Shamim Jawad is the founder and president of the Ayenda Foundation, the Afghan Children Initiative, which works for the welfare, education, health, shelter and safety of Afghan children. She is a member of the U.S.-Afghan Women’s Council, an organization established in 2002 by Presidents Karzai and Bush to advance the rights of women in Afghanistan. She serves on the board of trustees of the American University of Afghanistan (AUAF), a private, not-for-profit institution of higher education in Afghanistan, offering internationally supported degree programs and education. In addition, Mrs.
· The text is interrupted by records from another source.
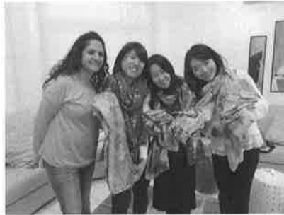
Japanese participating youth receive scarves as a gift from the host family during the home visit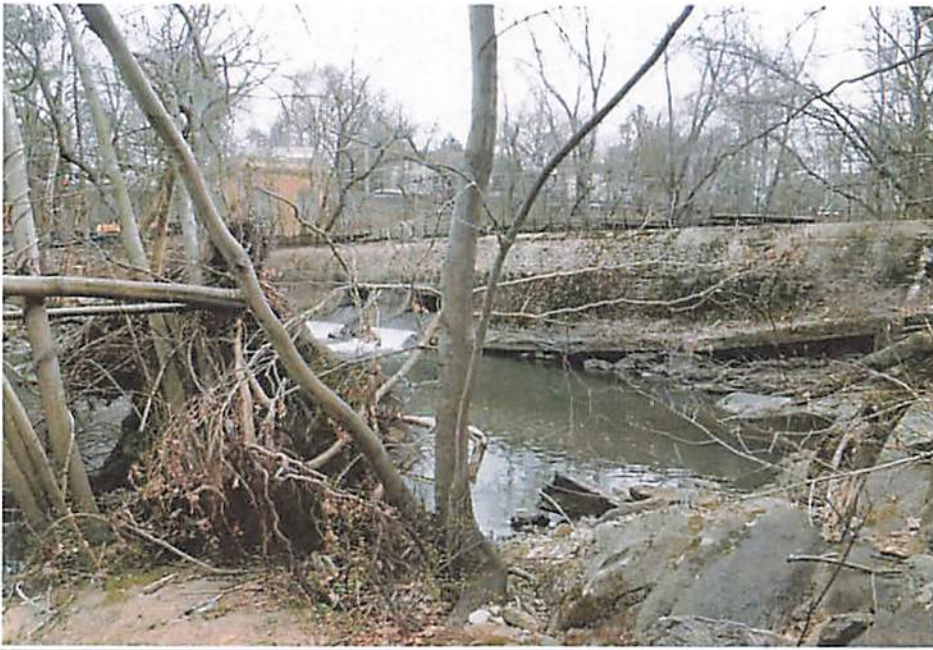
Photo 4 Dam ID# 233-0866 Mamaroneck Reservoir Dam 04/05/2022 Downstream face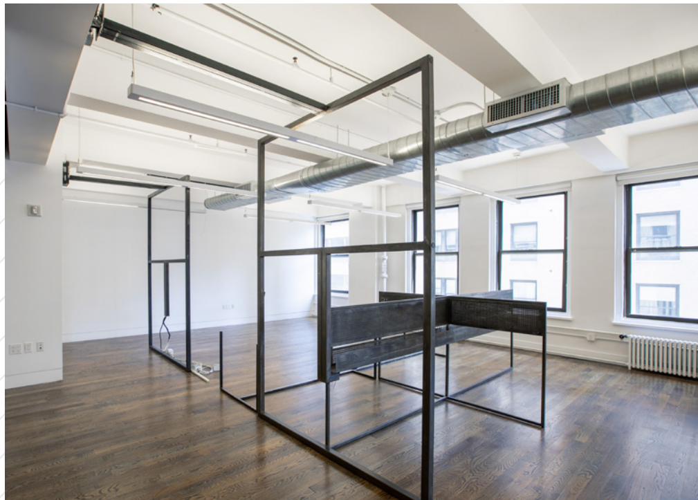
Suite 1001 - Existing Conditions

Suite 1001: 6,502 rsf - Move-in condition corner unit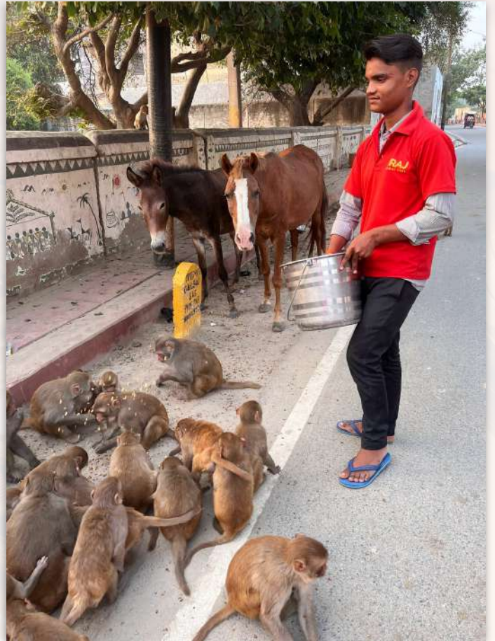
A team member feeding street animals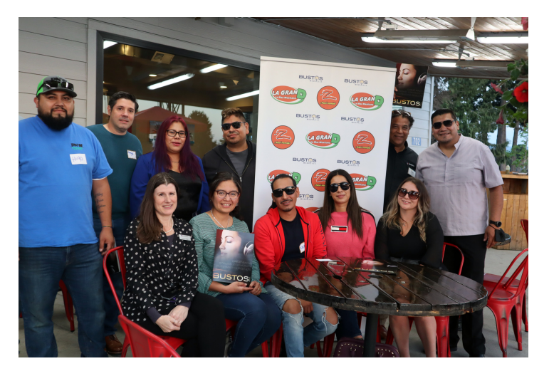
Latino Business Leaders Meet & Greet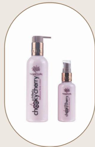
Chilled Cheeky Cherry Delicious Body Lotion 250ml/100ml - 8.5/3.4fl.oz

Delicious strawberry fruit flavoured moisturising lotion is full of natural oils to make your skin irresistibly soft and delectable.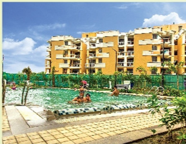
Eldeco Mystic Greens Sector Omicron, Greater Noida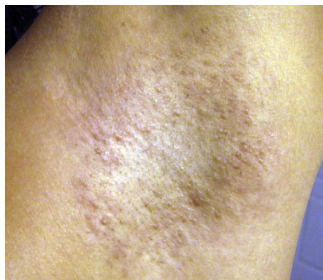
Fig 1. Diffuse red-brown 2- to 3-mm firm papules within the axillary vault.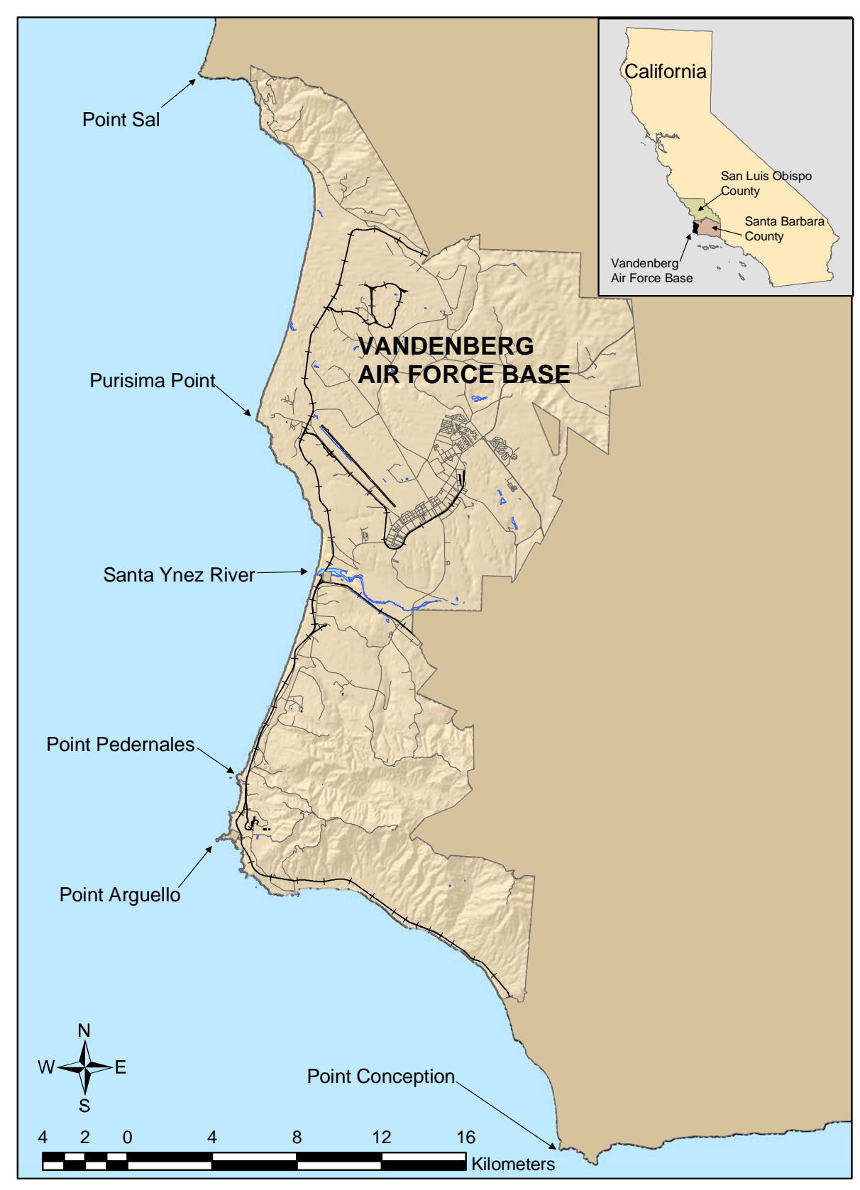
Figure 1. Map of VAFB and coastal landmarks and its location within California (inset).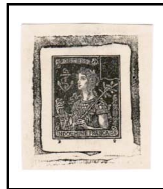
ESSAY FOR INDOCHINA

Design differences are few. Naturally, the French version has “REPUBLIQUE FRANCAISE” at the base as compared to the “INDOCHINE FRANCAISE” with the Indochinese version. On the French essay, the ornament to the left of the figure appears to be a sheaf of wheat with semicircular laurels. (The same symbol, minus the laurels, appears at the right hand side of the design.) The Indochinese version replaced the ornament with an anchor. Other than these differences, all major design elements appear to be the same. Shading on the face and other portions of the figure is more pronounced on the Indochinese essay.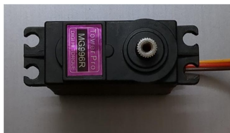
Fig 5. MG996R motors

The MG996R servo motor is a popular choice for hobby robots and small-scale robotics projects due to its affordability, reliability, and decent performance. With 9.4 kg/cm of stall torque and 0.17s/60° speed (at 4.8V), it offers moderate power and responsiveness for tasks like manipulating lightweight objects or positioning sensors. However, its 180° rotation limit and limitations in continuous operation necessitate careful consideration for applications requiring more demanding movement profiles.[6]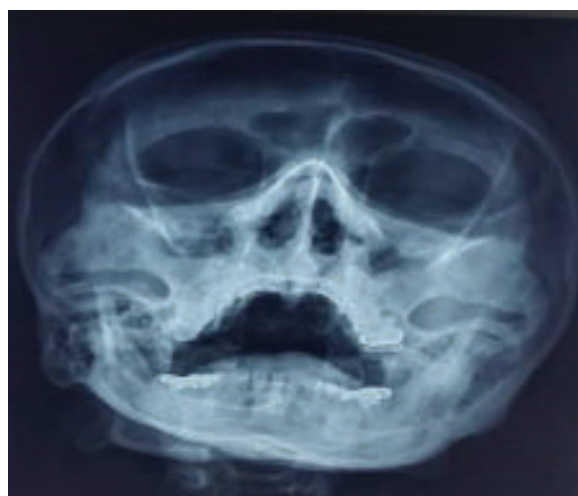
Figure 2: X ray PNS OM view

His X-Ray PNS OM view revealed maxillary sinusitis with hypertrophied inferior turbinate. (figure-2)

Jawad is a member of the International Women's Forum (IWF).

In 2009, Shamim Jawad was one of 25 women selected worldwide from executives in many different industries for the International Women’s Forum Leadership Foundation Fellows Program at Harvard University and the Judge Business School at the University of Cambridge.
She has also received the Liberty Award from Dialogue on Diversity for her efforts to defend women's rights and advocate social welfare for women in Afghanistan.

Jawad was born in Kabul, Afghanistan and studied at Kabul University and Golden Gate University in San Francisco, where she received a bachelor's degree in Human Relations. Before her husband's diplomatic posting to Washington, DC in November 2003, she worked as a financial consultant for TIAA-CREF, a financial services organization.